The correlation ratio (often denoted by eta, η) is a measure of the correlation between a categorical column and a numeric column. It quantifies how well the mean of the numeric variable varies across the different categories of the categorical variable.
Based on the provided reference, the correlation ratio:
- Measures Correlation: It specifically assesses the strength of the relationship or association when you have one variable that is categorical (like city, gender, product type) and another that is numeric (like salary, age, sales amount).
- Focuses on Means: It measures the variance of the mean of the numeric column across different categories of the categorical column. In simpler terms, it looks at how much the average value of the numeric variable changes from one category to another.
Unlike measures like Pearson correlation, which assesses linear relationships between two numeric variables, the correlation ratio is designed for the unique scenario involving one categorical and one numeric variable.
Why Use the Correlation Ratio?
- Assessing Group Differences: It helps determine if the different categories of a nominal variable have significantly different average values for a metric variable. For example, does the average salary differ significantly between employees in different departments?
- Feature Selection: In machine learning or data analysis, it can be used to assess the predictive power of a categorical feature for a numeric target variable. A high correlation ratio indicates that the categorical feature is likely a good predictor of the numeric outcome.
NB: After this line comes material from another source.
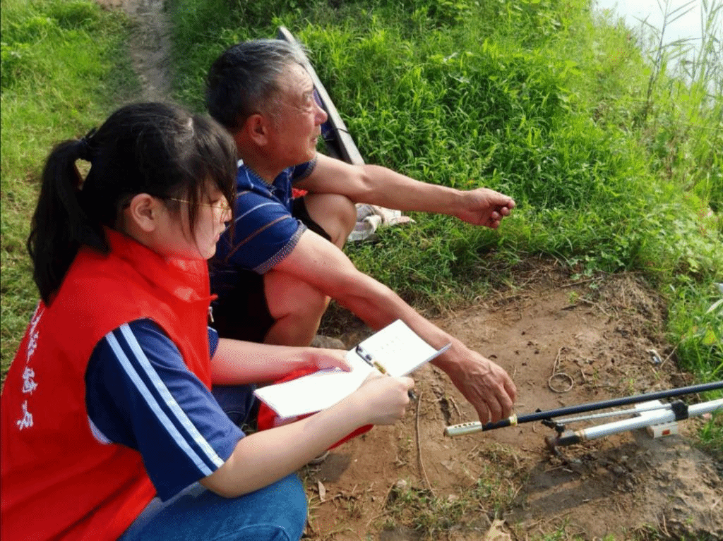 实践队员在对垂钓者进行访谈。认为现在河湖水质得到改善,但仍然存在较大问题,特别是农药、化肥大量使用使河湖水质变差。

- Understanding Variance: It essentially tells you what proportion of the total variance in the numeric variable can be explained by the differences between the group means defined by the categorical variable.
How It Works (Simplified)
Imagine you have data on employee salaries (numeric) and their department (categorical). The correlation ratio compares:
- Variance within groups: How much salaries vary within each department.
- Variance between groups: How much the average salary varies between different departments.
A high correlation ratio means that the variance between the group means is large compared to the variance within the groups. This suggests a strong relationship – the department you are in heavily influences your average salary.
Key Points
- The correlation ratio ranges from 0 to 1.
- A value of 0 indicates no relationship (the means of the numeric variable are roughly the same across all categories).
- A value of 1 indicates a perfect relationship (the numeric variable's value is fixed within each category, although it can differ between categories).
In essence, the correlation ratio provides a clear, single metric for the strength of the association between a nominal group variable and a quantitative variable, focusing on how the groups influence the mean of the quantitative variable.